■ **To do**
Your answer must be the data repeated exactly, with no pictures in it.

[Opening Provided material section]

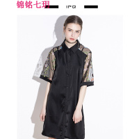 锦铭七玥设计连衣裙夏女士 中长款短袖衬衫裙 绣花时尚翻领衬
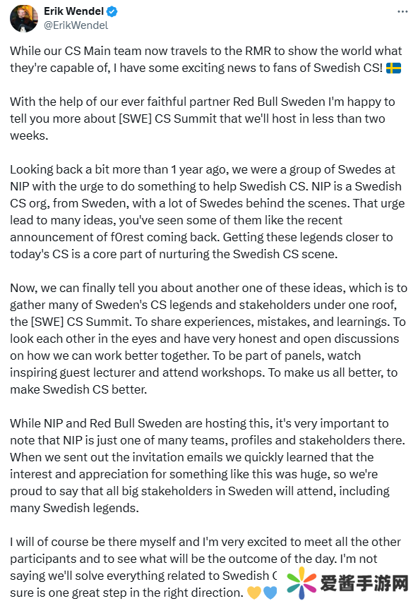 “当我们的CS主队现在前往上海Major 欧洲RMR向世界展示他们的能力时,我也有一些令人兴奋的消息要告诉瑞典CS的粉丝们!
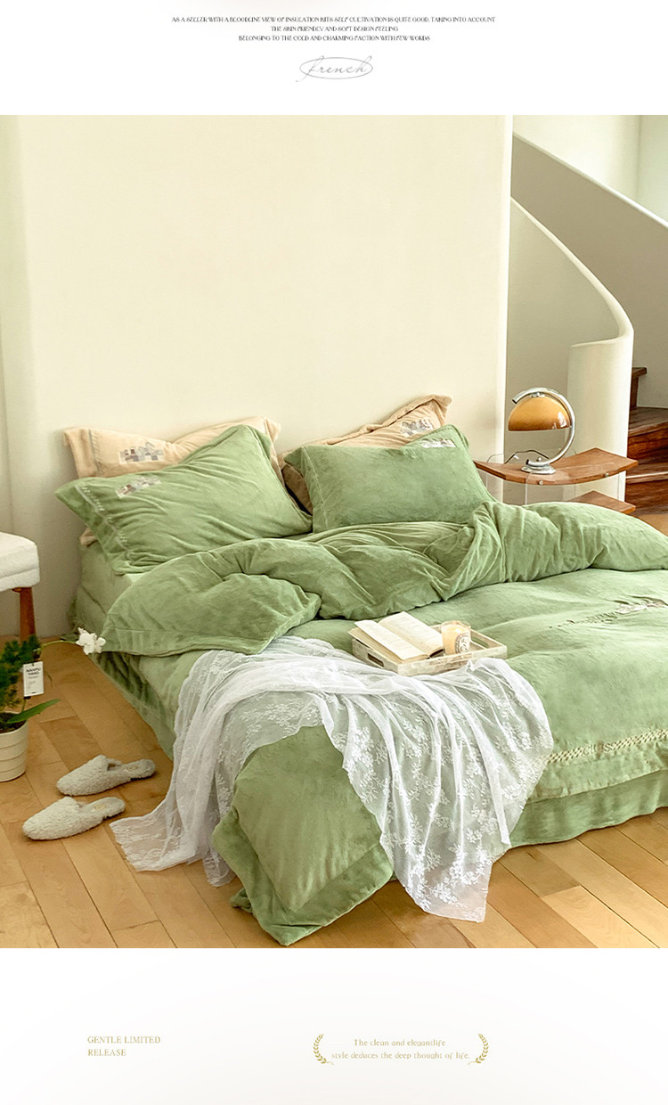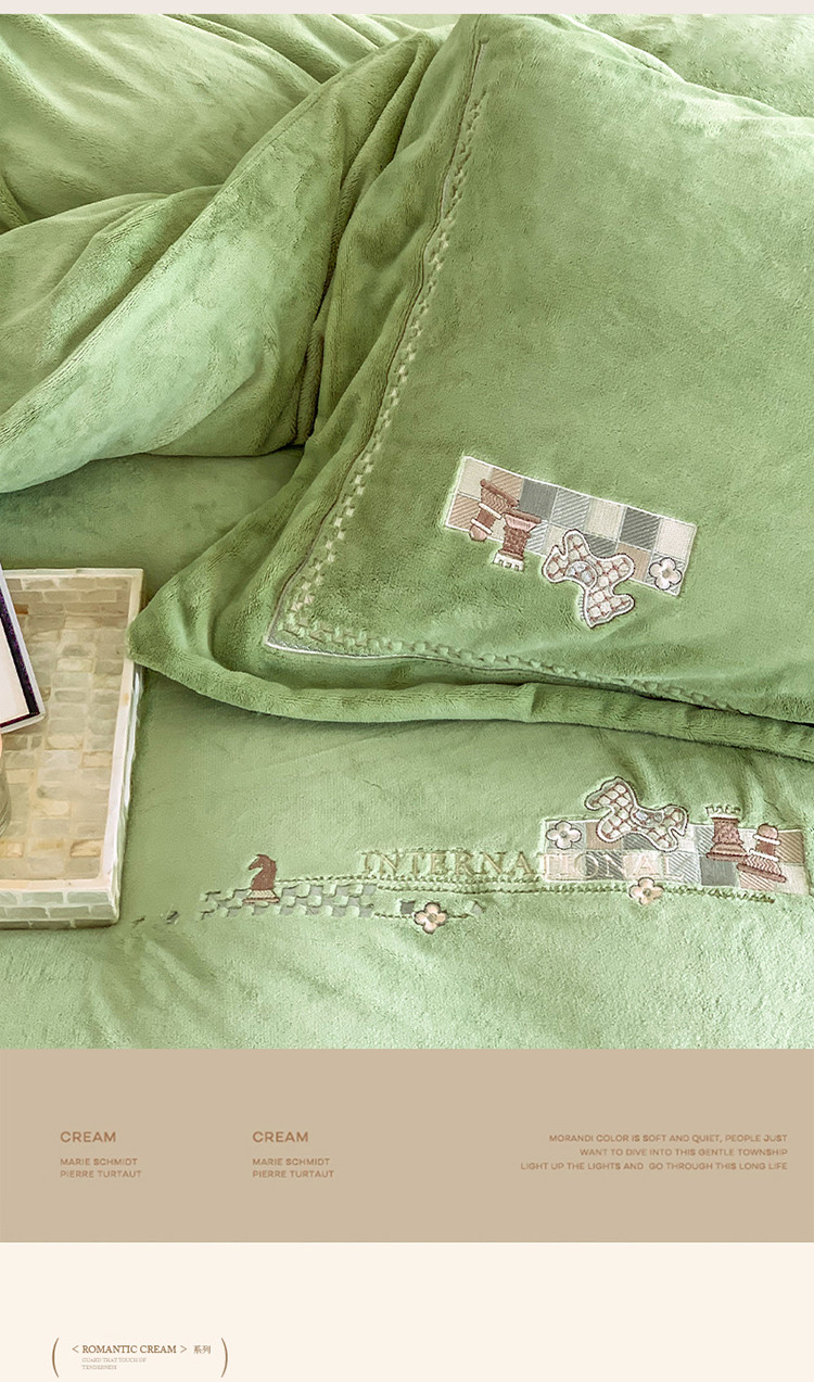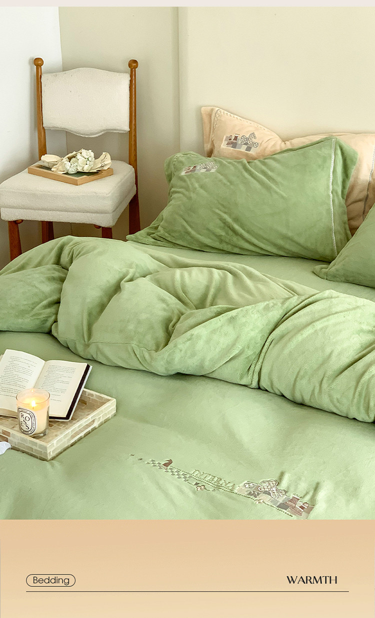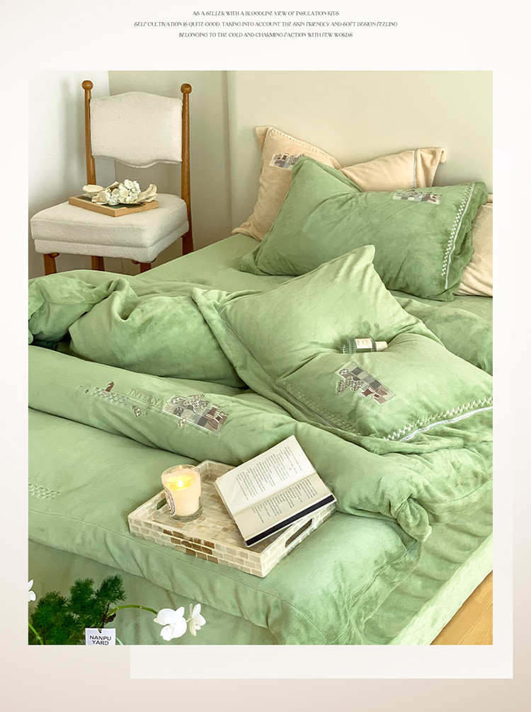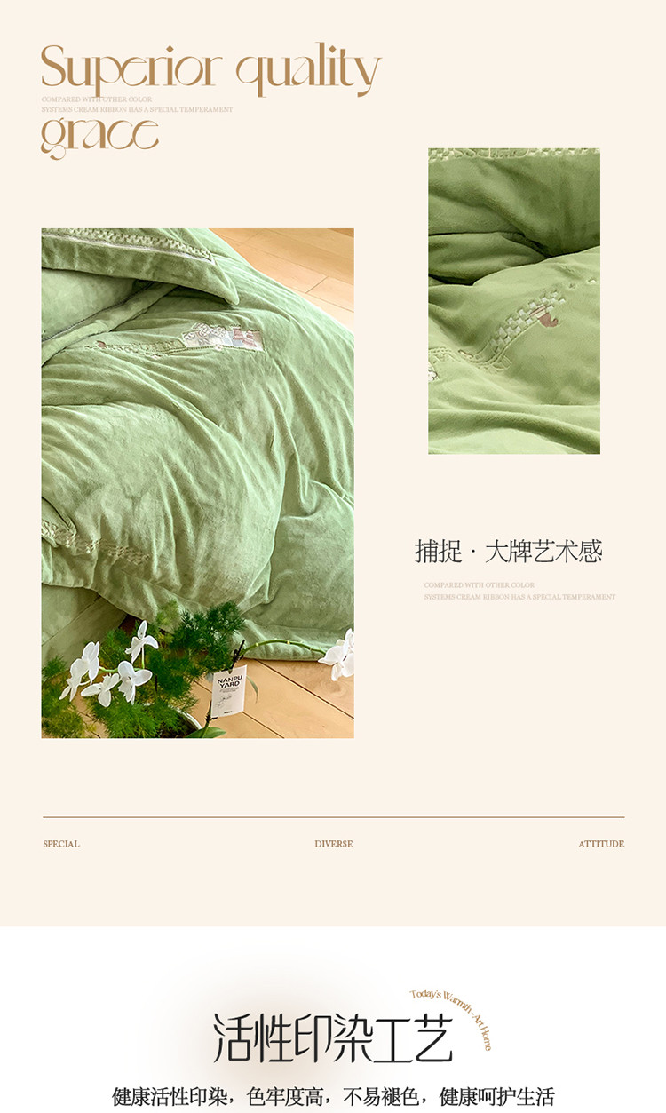 名品优仓 2023新款高克重230克牛奶绒绣花款四件套-极简 极简-月白绿

[Closing Provided material section]

■ **Task output**
 锦铭七玥设计连衣裙夏女士 中长款短袖衬衫裙 绣花时尚翻领衬
 “当我们的CS主队现在前往上海Major 欧洲RMR向世界展示他们的能力时,我也有一些令人兴奋的消息要告诉瑞典CS的粉丝们!
 名品优仓 2023新款高克重230克牛奶绒绣花款四件套-极简 极简-月白绿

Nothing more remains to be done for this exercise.